Repeat every line of the data exactly; the pictures stay out.

* Data block:
-.-.-
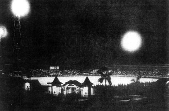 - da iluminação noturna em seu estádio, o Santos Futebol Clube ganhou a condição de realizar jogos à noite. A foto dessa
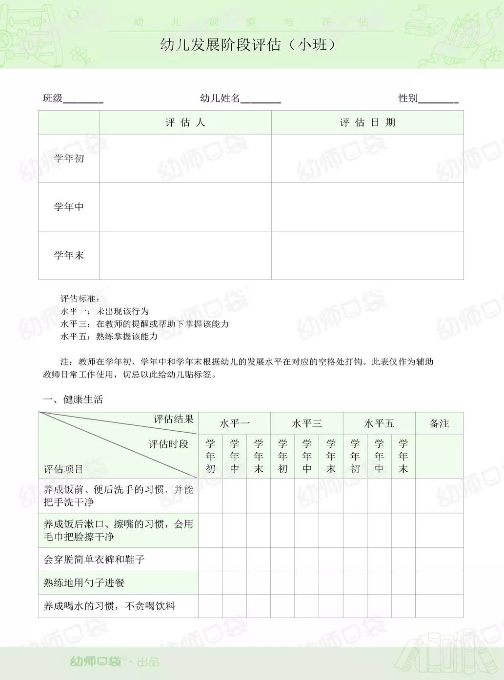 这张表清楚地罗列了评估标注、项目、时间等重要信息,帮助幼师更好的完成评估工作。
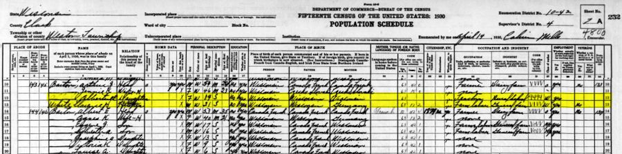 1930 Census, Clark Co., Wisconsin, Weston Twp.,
-.-.-
* Response to the exercise:
 - da iluminação noturna em seu estádio, o Santos Futebol Clube ganhou a condição de realizar jogos à noite. A foto dessa
 这张表清楚地罗列了评估标注、项目、时间等重要信息,帮助幼师更好的完成评估工作。
 1930 Census, Clark Co., Wisconsin, Weston Twp.,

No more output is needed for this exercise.